### ACTION ITEM
Only the lines running from the line with "Құжат сәтті қол" to the end of the listing below should be copied, exactly, without pictures.

### PROVIDED MATERIAL
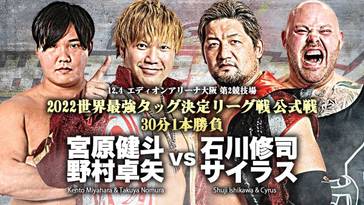 8. Real World Tag League: Kento Miyahara y Takuya Nomura [6] vencieron a Shuji Ishikawa y Cyrus [6] (17:36) con un Diving Rolling Clutch Hold de Nomura sobre Cyrus.
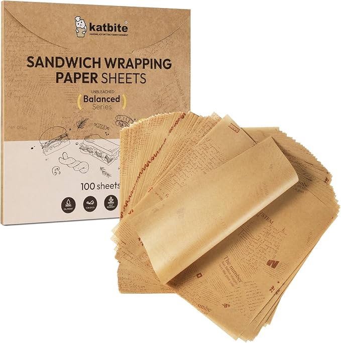 Katbite 100Pcs 12 In Food Wrapping Paper, New Pattern Heavy duty Deli Paper, Greaseproof & Non-stick Parchment Paper, Pre-cut Unbleached Parchment Paper is Perfect for Wrap Bread, Burger and Sandwich
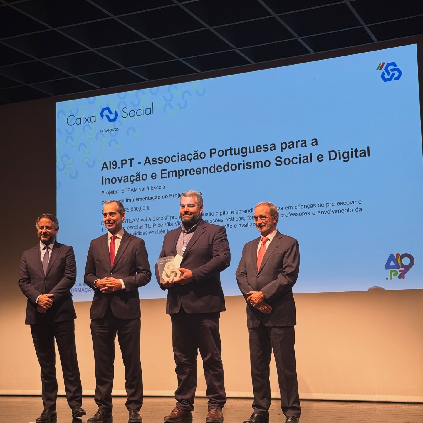 A AI9.PT foi distinguida com o Prémio Caixa Social 2025, na categoria Formação e Capacitação, com o projeto “STEAM vai à Escola”, uma iniciativa inovadora que leva a robótica, a programação e as metodologias STEAM ao ensino pré-escolar e ao 1.º ciclo em territórios vulneráveis.
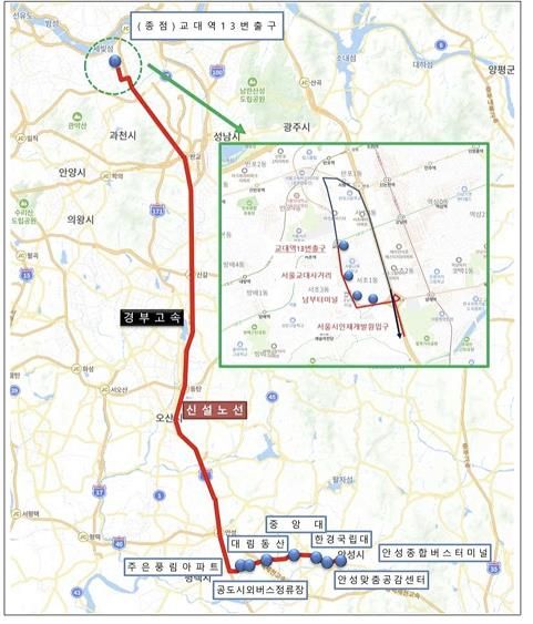 신설 광역버스는 안성종합버스터미널을 기점으로 안성맞춤공감센터, 한경국립대학교, 중앙대·롯데캐슬아파트, 대림동산, 공도시외버스정류장, 주은·풍림아파트를 거쳐 서울시인재개발원 입구, 남부터미널, 서울교대사거리, 교대역을 운행하는 노선으로, 차량 6대로 일 24회 운행하며 배차간격은 30~50분이다.
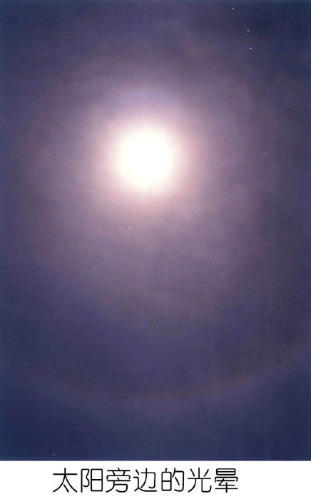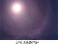 两个光圈都是内侧为红色,以彩虹光谱的顺序向外围过度。内环十分完整,整个内环区内天空颜色较深。外环的下方较清晰,越向上越淡,直至消失在天空中。外环区内由外环向内环,天空的颜色由深至浅均匀退晕。由外环至内环的距离与由内环至太阳的距离基本相同,比例关系与法轮图形的内圆、外圆一样。如果以外环直径计算,整个光晕的面积约占整个天穹的1/5,中心的太阳又格外灿烂,真是蔚为壮观。
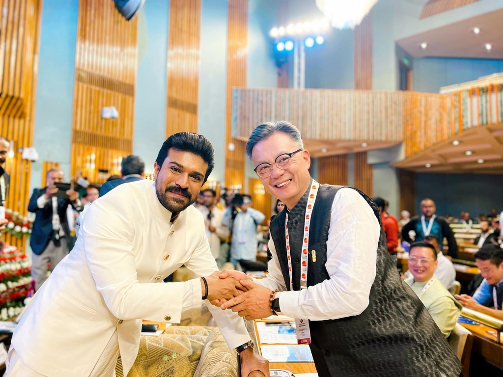 | ▲ 'RRR' 주연 배우와 장재복 주인도대사 (뉴델리=연합뉴스) 22일 인도 스리나가르에서 열린 주요 20개국(G20) 관광 실무단 회의에서 만난 인도 영화 'RRR'의 주연 배우 람 차란(왼쪽)과 장재복 주인도대사. [주인도한국대사관 제공ㆍ연합뉴스 자료사진. 재판매 및 DB 금지] |
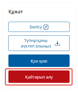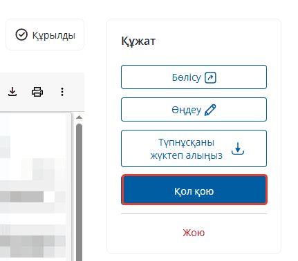 Құжат сәтті қол қойылады. Контрагентпен құжат қол қойылғанға дейін оны қайтарып алуға мүмкіндігіңіз бар.
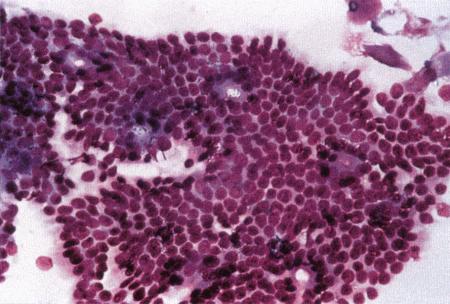 Большие скопления нормальных эпителиальных клеток эндометрия в эндометриальном цитологическом образце, взятом у суки грейхаунда в начале метэструса (образец окрашен Diff-Quik®) (Воспроизведено с разрешения из Journal of Small Animal Practice (1998) 39, 2–9).
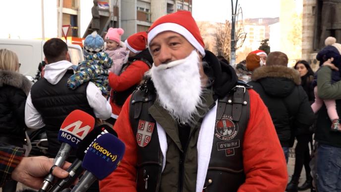 Bajkeri maskirani u Deda Mrazove i ove godine su uspeli da vrate osmeh na dečja lica podelom paketića, a Dušan Mlađovic, predsednik Moto kluba Gazimestan Kosovska Mitrovica, rekao je sledeće:
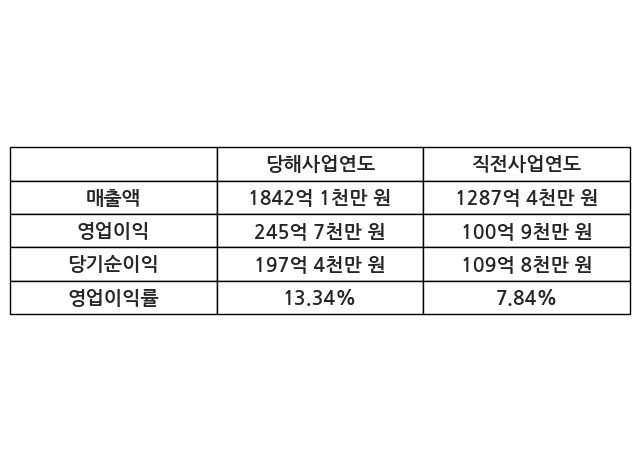 이번사업연도의 매출액은 직전사업연도 대비 43.08% 증가한 1842억 1천만 원, 영업이익은 245억 7천만 원, 당기순이익은 197억 4천만 원이라고 공시했다.
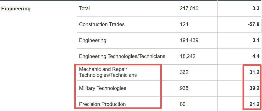 同样是热门专业的工程专业中,建筑行业人数下降了一半多,而机械与维修技术/技术人员、军事技术、精密制造对比上一年,就读人数增加明显!
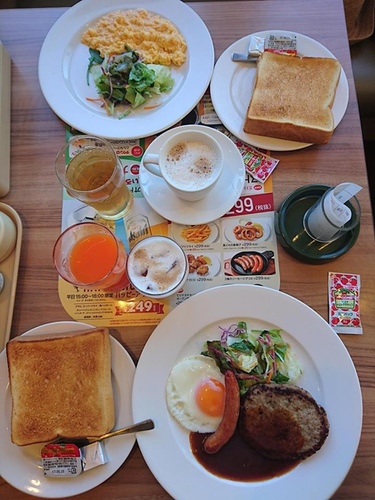 長崎港吃早餐,常盤岸壁(水邊之森公園)美式餐廳就吃美式早餐,有我愛的牛肉漢寶!光這窗美景就值得了~

### TASK OUTPUT
 Құжат сәтті қол қойылады. Контрагентпен құжат қол қойылғанға дейін оны қайтарып алуға мүмкіндігіңіз бар.
 Большие скопления нормальных эпителиальных клеток эндометрия в эндометриальном цитологическом образце, взятом у суки грейхаунда в начале метэструса (образец окрашен Diff-Quik®) (Воспроизведено с разрешения из Journal of Small Animal Practice (1998) 39, 2–9).
 Bajkeri maskirani u Deda Mrazove i ove godine su uspeli da vrate osmeh na dečja lica podelom paketića, a Dušan Mlađovic, predsednik Moto kluba Gazimestan Kosovska Mitrovica, rekao je sledeće:
 이번사업연도의 매출액은 직전사업연도 대비 43.08% 증가한 1842억 1천만 원, 영업이익은 245억 7천만 원, 당기순이익은 197억 4천만 원이라고 공시했다.
 同样是热门专业的工程专业中,建筑行业人数下降了一半多,而机械与维修技术/技术人员、军事技术、精密制造对比上一年,就读人数增加明显!
 長崎港吃早餐,常盤岸壁(水邊之森公園)美式餐廳就吃美式早餐,有我愛的牛肉漢寶!光這窗美景就值得了~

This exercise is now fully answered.